Pakistan saw record foreign exchange spending due to strong demand for new automobiles. The country witnessed the highest-ever arrival of New imported cars in Pakistan 2020-21 followed by resumption of used vehicles imports.

The imports were recorded at 10,513 units of new cars, vans, jeeps, pickups, buses and two-wheelers in FY21  against 1,680, 3,716 and 7,424 units in FY20, FY19 and FY18 respectively.

This is the first time 390 new electric vehicles (EVs) and 19 used EVs have also been imported in FY21.

The introduction of new Korean and Chinese players in the local assembly of new models in addition to low-interest rates have given a fresh boost to the auto sector. Similarly, used imported vehicles and locally assembled vehicles by old players are also experiencing robust demand.

During FY21, new cars and jeeps had the highest share with 10,157 units in comparison to only 893, 2,427, and 3,758 units in FY20, FY19, and FY18 respectively.

Out of the total automobile imports worth nearly $2 billion, the import bill of completely and semi-knocked down (CKD/SKD) kits for cars, heavy vehicles and bikes contributed a record $1.6bn in FY21 in comparison to $727m in FY20 while $386m was used for import of new and used vehicles in FY21 against  $219m in FY20.

During the first two months of the current financial year (2MFY22), the import of CKD/SKD kits for local assembly of all vehicles increased by 214pc to $369m from $117m during the same period last fiscal year. Import of completely built-up units (CBU) recorded a growth of 118pc to $103m from $47m in 2MFY22.

Chairman of All-Pakistan Motor Dealers Association (APMDA ) H.M. Shahzad said that as part of the personal baggage scheme, import of used cars, vans, jeeps, and pickups rose to 29,276 units in FY21 from 16,455 units in FY20 though it was 49,990 units in FY19 and 73,640 units in FY18, said)

New vehicles thrive

He added that most of the used vehicles had landed under the personal baggage scheme and only 946 scooters/motorbikes had arrived under the transfer of residence scheme from FY18 to FY21.

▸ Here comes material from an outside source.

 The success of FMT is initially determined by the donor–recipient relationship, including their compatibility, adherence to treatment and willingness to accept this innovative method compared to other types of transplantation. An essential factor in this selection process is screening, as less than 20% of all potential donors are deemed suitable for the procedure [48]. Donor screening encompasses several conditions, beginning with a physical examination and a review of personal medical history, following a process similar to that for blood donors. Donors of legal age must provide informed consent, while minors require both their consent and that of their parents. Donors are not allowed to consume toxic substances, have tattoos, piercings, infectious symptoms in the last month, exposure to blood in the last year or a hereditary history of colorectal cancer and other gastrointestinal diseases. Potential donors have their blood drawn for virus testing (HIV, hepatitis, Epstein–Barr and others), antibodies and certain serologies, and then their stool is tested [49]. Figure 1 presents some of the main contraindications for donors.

While answering a question as to why import of used jeeps and cars recharged in FY21 following a lackluster trend in FY20, Shahzad explained that importers took time to adjust to the government decision of curtailing used car imports. The importers have resumed imports of used cars up to 1,000cc in FY21 compared to FY20.

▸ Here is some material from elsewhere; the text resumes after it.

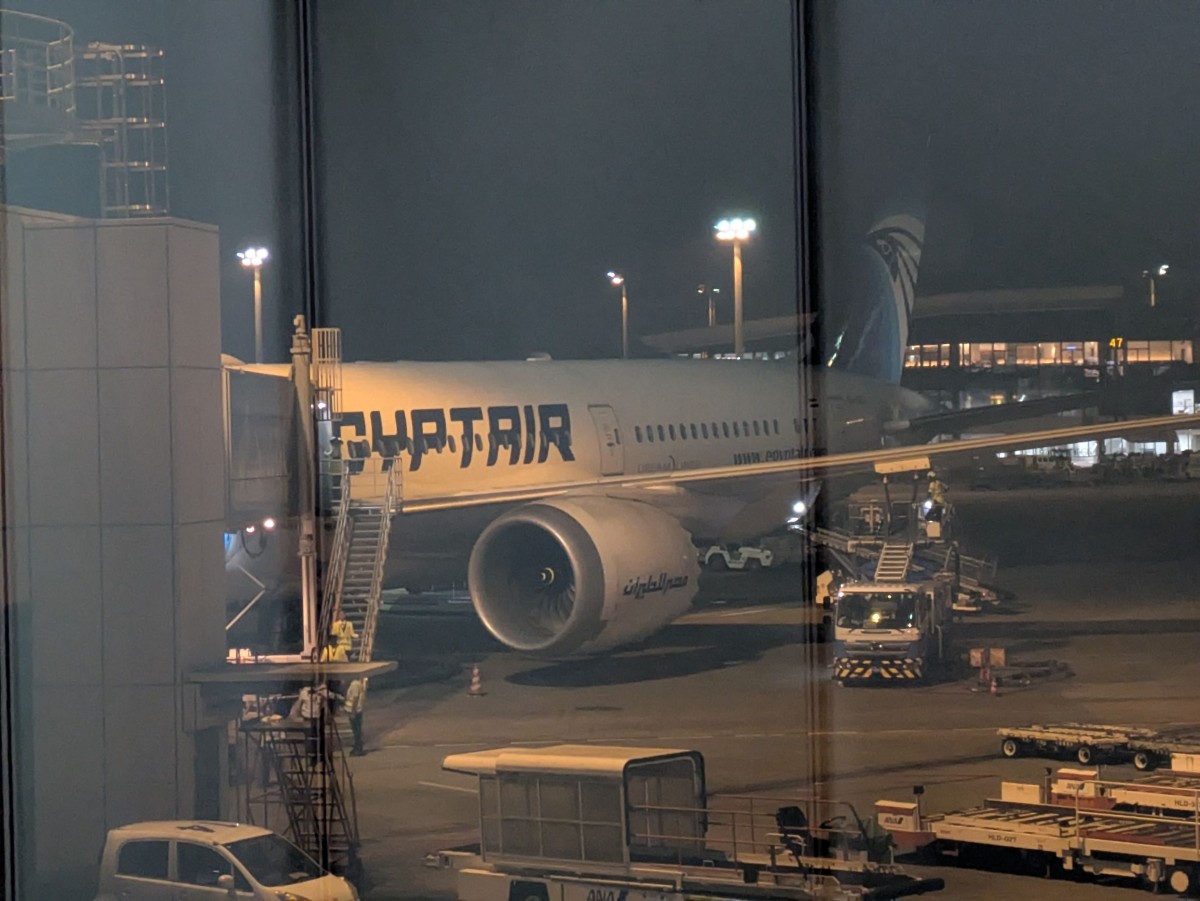 成田空港からエジプト航空機でエジプトのカイロまで直行です。

The import policy order 2017 issued by the government made it mandatory for all vehicles (new and used) to be imported under different schemes. The duty should be paid out of the foreign exchange arranged by Pakistani nationals themselves or local recipients supported by bank encashment certificate showing conversion of foreign remittance to local currency.

Imports by new and old entrants have increased drastically as existing assemblers also import new vehicles.

In the midst of the revival in used car imports followed by record-high import of new vehicles in FY21, the share of importing CKD/SKD kits for the local assembly of various vehicles remains over 80pc compared to 20pc share of import of used and new vehicles.

Market participants are keeping an eye on a new Chinese investor whose huge arrival of completely built-up (CBU) units has contributed to changing the dynamics of official figures related to new imported vehicles, followed by booming commercial imports of high-end electric vehicles after duty cut in budget FY22.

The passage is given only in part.